● The task
Skip the pictures. Output only the lines below starting at the line with "Linolmesser Set, also" and ending at the line with "The flickering flameless", both ends included, exactly as they are.

● Data for this task
+ + + +

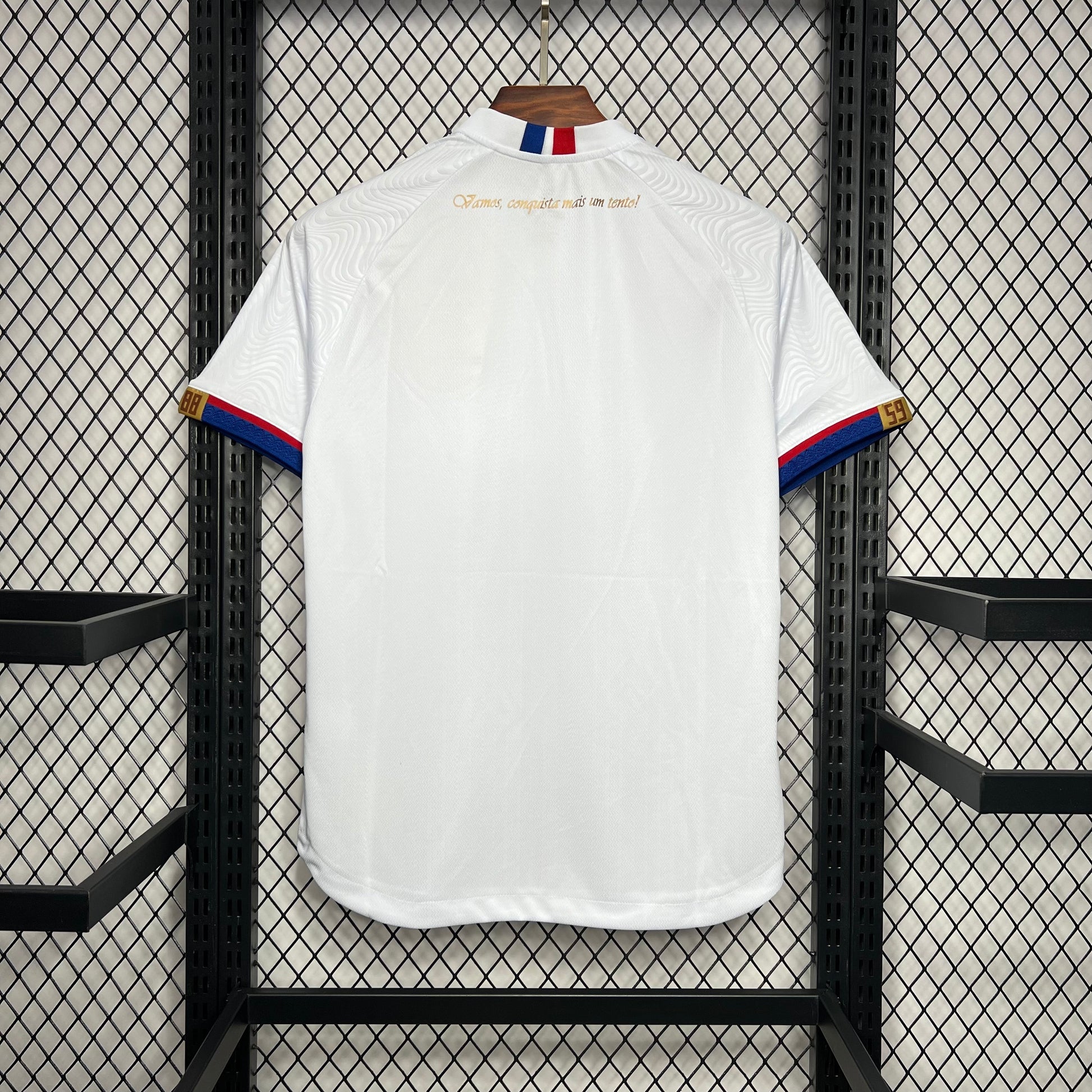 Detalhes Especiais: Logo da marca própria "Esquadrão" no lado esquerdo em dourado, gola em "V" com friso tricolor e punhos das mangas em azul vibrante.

+ + + +

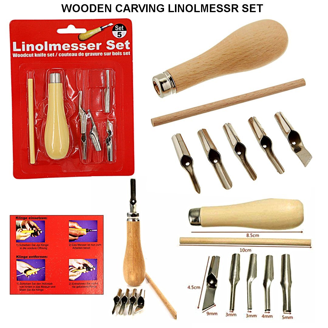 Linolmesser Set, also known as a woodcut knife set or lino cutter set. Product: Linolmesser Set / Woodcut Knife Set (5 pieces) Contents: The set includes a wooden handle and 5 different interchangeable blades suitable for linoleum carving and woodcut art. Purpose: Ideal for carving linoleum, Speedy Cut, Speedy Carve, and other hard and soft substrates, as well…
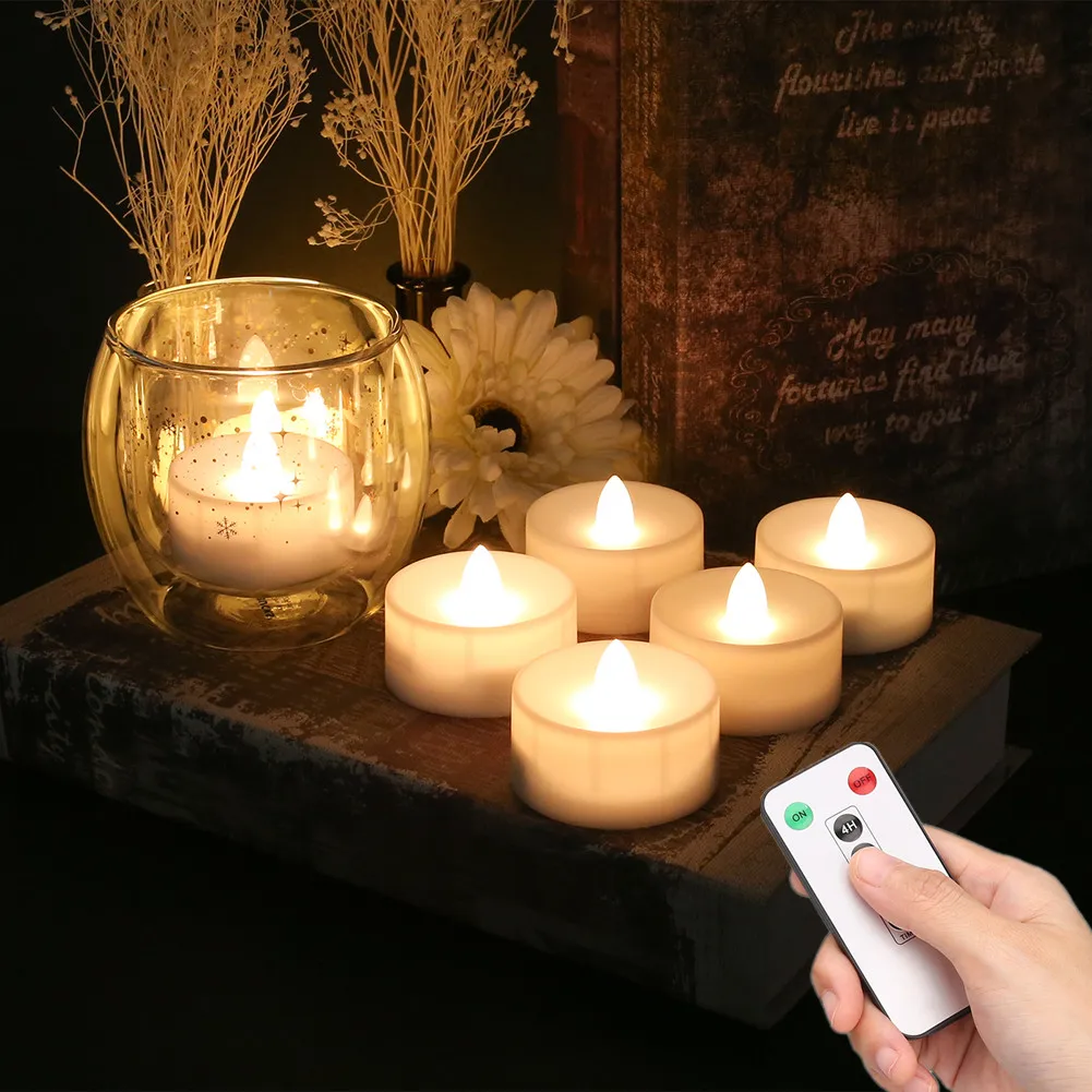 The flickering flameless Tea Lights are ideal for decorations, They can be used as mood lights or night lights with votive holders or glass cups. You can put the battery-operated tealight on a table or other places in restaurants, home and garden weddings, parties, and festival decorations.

+ + + +

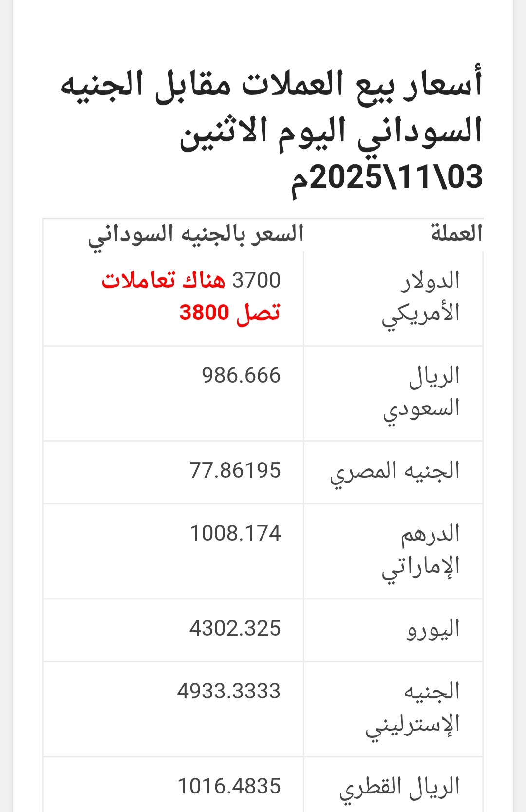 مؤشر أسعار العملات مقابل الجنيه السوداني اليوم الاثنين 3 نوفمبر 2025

+ + + +

● Response box
 Linolmesser Set, also known as a woodcut knife set or lino cutter set. Product: Linolmesser Set / Woodcut Knife Set (5 pieces) Contents: The set includes a wooden handle and 5 different interchangeable blades suitable for linoleum carving and woodcut art. Purpose: Ideal for carving linoleum, Speedy Cut, Speedy Carve, and other hard and soft substrates, as well…
 The flickering flameless Tea Lights are ideal for decorations, They can be used as mood lights or night lights with votive holders or glass cups. You can put the battery-operated tealight on a table or other places in restaurants, home and garden weddings, parties, and festival decorations.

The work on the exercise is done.